*Record extracts*:
----

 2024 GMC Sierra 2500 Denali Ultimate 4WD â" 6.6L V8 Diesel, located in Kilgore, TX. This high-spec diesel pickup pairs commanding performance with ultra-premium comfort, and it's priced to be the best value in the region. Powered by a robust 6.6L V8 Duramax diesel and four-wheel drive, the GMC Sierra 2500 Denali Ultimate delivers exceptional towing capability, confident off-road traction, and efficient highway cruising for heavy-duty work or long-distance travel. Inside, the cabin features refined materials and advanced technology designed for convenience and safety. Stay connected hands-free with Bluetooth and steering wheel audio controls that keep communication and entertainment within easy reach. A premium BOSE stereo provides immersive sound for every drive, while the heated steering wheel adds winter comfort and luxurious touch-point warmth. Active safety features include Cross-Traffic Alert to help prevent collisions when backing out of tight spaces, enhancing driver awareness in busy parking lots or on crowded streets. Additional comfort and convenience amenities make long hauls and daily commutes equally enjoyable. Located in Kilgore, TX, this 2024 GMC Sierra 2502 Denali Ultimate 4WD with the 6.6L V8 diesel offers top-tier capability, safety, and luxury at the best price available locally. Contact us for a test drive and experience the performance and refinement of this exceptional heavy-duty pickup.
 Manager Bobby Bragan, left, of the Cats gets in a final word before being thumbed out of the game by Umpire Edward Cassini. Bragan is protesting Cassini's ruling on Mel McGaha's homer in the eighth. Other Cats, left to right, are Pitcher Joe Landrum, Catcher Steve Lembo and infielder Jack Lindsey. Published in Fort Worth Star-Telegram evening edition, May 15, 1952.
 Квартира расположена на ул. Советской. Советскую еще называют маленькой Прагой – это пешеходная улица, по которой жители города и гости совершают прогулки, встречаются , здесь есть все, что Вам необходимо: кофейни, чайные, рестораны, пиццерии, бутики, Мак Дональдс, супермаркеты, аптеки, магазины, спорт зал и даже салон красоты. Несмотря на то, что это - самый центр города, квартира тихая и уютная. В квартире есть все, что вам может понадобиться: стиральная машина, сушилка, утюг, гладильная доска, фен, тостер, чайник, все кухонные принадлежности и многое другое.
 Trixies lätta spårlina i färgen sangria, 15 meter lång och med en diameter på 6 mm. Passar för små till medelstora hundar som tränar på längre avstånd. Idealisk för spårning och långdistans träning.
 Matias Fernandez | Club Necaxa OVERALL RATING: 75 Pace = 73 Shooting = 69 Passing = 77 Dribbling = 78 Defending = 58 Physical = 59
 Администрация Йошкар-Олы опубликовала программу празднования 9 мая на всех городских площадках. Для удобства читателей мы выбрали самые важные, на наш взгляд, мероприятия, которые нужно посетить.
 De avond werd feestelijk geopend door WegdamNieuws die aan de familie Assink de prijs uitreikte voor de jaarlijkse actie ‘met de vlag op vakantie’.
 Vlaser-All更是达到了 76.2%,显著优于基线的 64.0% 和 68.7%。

----

*Directions for this task*: Write down, word for word, the lines above from the one containing "Matias Fernandez |" through the one containing "Администрация Йошкар-Олы опубликовала", both ends included.

*Task response*:
 Matias Fernandez | Club Necaxa OVERALL RATING: 75 Pace = 73 Shooting = 69 Passing = 77 Dribbling = 78 Defending = 58 Physical = 59
 Администрация Йошкар-Олы опубликовала программу празднования 9 мая на всех городских площадках. Для удобства читателей мы выбрали самые важные, на наш взгляд, мероприятия, которые нужно посетить.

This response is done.